# On the Robustness of Self-Supervised Representations for Multi-view Object Classification

In this post, I’ll talk about a paper we recently published on the robustness of self-supervised representation with respective to viewpoint variation - one of the core tenants of any capable vision system. At this point, it is known that vision models pretrained using self-supervised objectives outperform standard supervised pretraining on a set of common, standard benchmark datasets such as ImageNet, CIFAR10, COCO, and Birdsnap. However, these datasets all serve to evaluate these models in a very narrow aspect - simple object classification performance.

Little work has been done to evaluate these models in a more granular way, and on more niche datasets. In this paper, we evaluate these models specifically with respect to multi-view recognition performance. We tackle this problem through two main approaches. Firstly, we synthetically vary viewpoint by approximating it with a homography of different strength. This allows us to have fine-grained control of the viewpoint, and serve as an initial way to benchmark supervised learning against self-supervised (SS) learning in this domain. Then, we evaluate the models on real-world, multi-view datasets.

## An Empirical Measure of Robustness

We define an empirical measure of robustness to viewpoint variation in order to quantify and rank models during evaluation. Consider functions \(f : \mathcal{X} \rightarrow \mathbb{R}^n\) and \(g : \mathcal{X} \rightarrow \mathbb{R}^n\), and a sample space of images \(\mathcal{X}\). These are the supervised pretrained and SS pretrained models, respectively. We aim to analyse the efficacy and representational power of embeddings \(f(x), g(x) \in \mathbb{R}^n\) in terms of robustness to viewpoint variation. Essentially, we aim to analyse whether SS representations produced by \(g\) are more robust to those from \(f\).
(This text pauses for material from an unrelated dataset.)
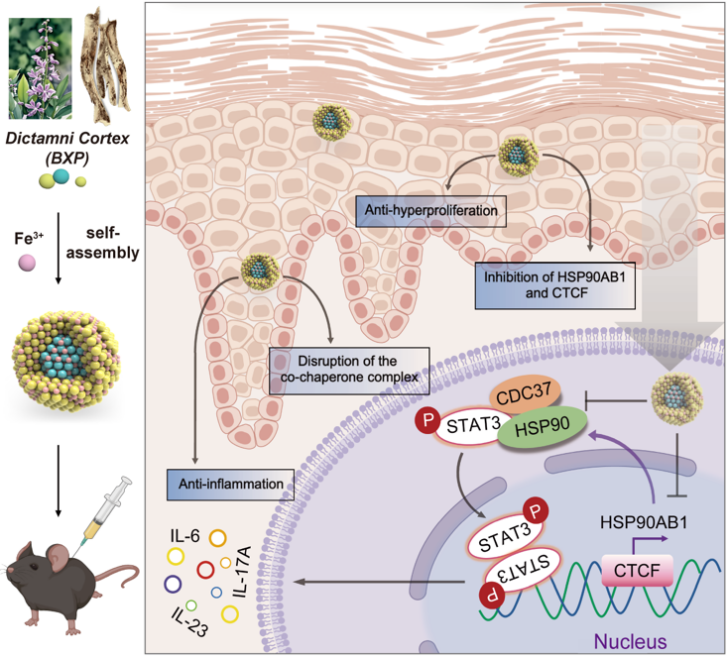 为解决白鲜皮的应用局限,研究团队开发了基于白鲜皮的新型制剂(BXP-Fe (Ⅲ)ICPs,简称 NB)。该制剂无需额外载体,能针对性改善白鲜皮的药理缺陷:一方面提升了其在体内的利用效率,另一方面可在银屑病炎症部位的酸性微环境中精准释放有效成分,避免健康组织受损;同时,制剂中的成分还能补充银屑病患者表皮中显著减少的铁元素,协同辅助治疗。

Mathematically, this can be formalised as follows. Consider a function \(V : \mathcal{X} \rightarrow \mathcal{X}\) that is tasked with altering an object’s viewpoint. Then, a function \(g\) is more robust to \(V\) than a function \(f\), if:

\[\mathbb{E}[L(f(x), f(v(x)))] \ge \mathbb{E}[L(g(x), g(V(x)))]\]for some loss function \(L\), and for all \(x \in \mathcal{X}\). This is the criterion we use to measure and compare models’ multi-view recognition performance, and implicitly, their viewpoint invariance.

## Synthetic Viewpoint Variation Analysis

We alter viewpoint in a controlled environment by applying a homography to an image. We represent a homography as \(H_{\alpha} : \mathcal{X} \rightarrow \mathcal{X}\), where \(\alpha \in [0, 1]\) is the strength of the homography.

We also evaluate the potential bias of the models towards the black background
induced from performing a homography on an image. We do this using (what we term)
a *bounded homography*, whereby we crop the maximum-area inscribed axis-aligned
rectangle from the resulting polygon. An example can be seen below:

The below table contains the results using linear evaluation on a host of common benchmark datasets:

Interestingly, the supervised baselines perform best on the 2 most common small-scale benchmark datasets - CIFAR10 and CIFAR100. The rest of the datasets are dominated by SSL models. Next, we show a summary of results by synthetically varying viewpoint using homographies of strength 0.2, 0.4, 0.6, and 0.8.

These results suggest that supervised models are more biased towards the black backgrounds induced in default homographies, and when accounted for using the bounded homography, SSL consistently performs best.

## Multi-view Performance in the Wild

We evaluate these models in a real-world environment using a set of 5 inherently multi-view real-world datasets (see paper for details). Below if a table of the top-performing models overall for each of these:

Once again, SS methods dominate - except for Recon3D. This is an expected results,
since this dataset is the least like ImageNet (the dataset all evaluated models
were pretrained on). It has been shown
that SS models are less robust than supervised models when evaluated on datasets
that contain data with a large distribution shift from ImageNet. Next, we show
results for varying the amount of **context** a model requires to perform retrieval
of the correct object (at a different viewpoint):

We see that with as few as *one* image per class, SS techniques outperform the
supervised baselines significantly. We encourage you to see the paper for further
experiments on evaluating models with respect to the amount of context needed
to perform a particular multi-view task.

## TL;DR

- Representations learned through SS techniques are shown, in multiple scenarios, to be more robust to viewpoint changes. This holds for both the synthetic, and real-world experiments.
- We show that with very little context (e.g. number of support samples, amount of training images, etc.), SSL consistently outperforms the supervised baselines in a real-world environment.
- We posit that SS representations encode information more pertinent to object parts (as a byproduct of the training objectives), which enables improved robustness to viewpoint.
- In our experiments, the
*instance discrimination*class of SSL models outperforms the*pretext task*class of SSL models, but supervised models outperform the latter. - ViT-based supervised and SS models show promise, and perform best in many experiments.